E’ un dettaglio che ben si accorda con cose tipo l’aprire la portiera della macchina, cedere il passo quando si attraversa l’uscio.

Il sessismo vero è altro, e gli esempi sarebbero tanti a volerli citare, tutti li conosciamo. Penso alle discriminazioni in fatto di carriera, dove per le donne è ancora drammaticamente difficile far percepire le proprie capacità e raggiungere i vertici; o, sempre in ambito professionale, la disparità di trattamento sui congedi parentali quando arriva un bambino. E anche qui, sarebbe sbagliato non riconoscere i passi che si stanno piano piano compiendo perché qualche novità in proposito anche per i neopapà c’è.
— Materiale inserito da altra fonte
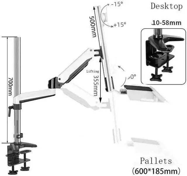 This clamp table base monitor stand securely supports your screen (fits tables with a thickness of 10-58mm) and saves you valuable desk space.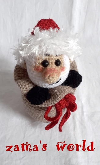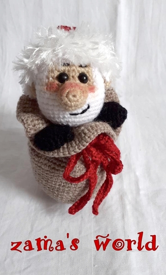 Die Größe Deines Santa im Säckchen kann je nach Maschendichte, Garndicke und verwendeter Häkelnadel abweichen.

Ma è sempre poco, ed è sempre tardi.

Ecco, forse il grido globale della bella Abbie avrebbe avuto un impatto più utile se la denuncia avesse riguardato temi più concreti. In ogni caso, amica Abbie, mi pare che la fai troppo lunga per una causa decisamente meno letale di tante altre. E non credere che nemmeno noi donne riusciamo a evitare il dubbio di una tua intemerata solo per aumentare i clic, conosciamo bene voi influencer, maschi o femmine.

E poi, per dirla tutta, a costo di irritare ulteriormente questa fondamentalista Abbie, io credo che la galanteria non sia sbagliata quando parte dal rispetto per “lei”, in un’epoca storica in cui le donne finiscono sul giornale spesso (troppo spesso) da vittime del maschio malato che si crede dominante.

Certe buone maniere sanno di favola e piacciono moltissimo alle adolescenti.

Una conferma tangibile è il successo planetario di “Bridgerton”, serie tv targata Netflix a base di corte inglese, famiglie nobili, balli, proposte di matrimonio e innamoramenti folli, che sta spopolando fra le ragazze e i ragazzi, più o meno dai 14 ai 21 anni (e anche fra le loro mamme), grazie a un parterre di attori bellissimi (maschi e femmine) e di storie d’amore che, per l’ora scarsa di ogni puntata, catapulta in un mondo da Cenerentola al ballo.

Lì non c’è nessuna influencer che grida allo scandalo, a nessuno scandalo.

In più, posso assicurare per testimonianza diretta, che le giovani spettatrici, spento il televisore, non abdicano affatto a nessuna delle conquiste femminili degli ultimi due secoli, continuano ad avere ben chiaro ciò che una donna può e deve esigere.

Semplicemente si sono concesse un breve momento di sogno che, in fondo, non può che far bene.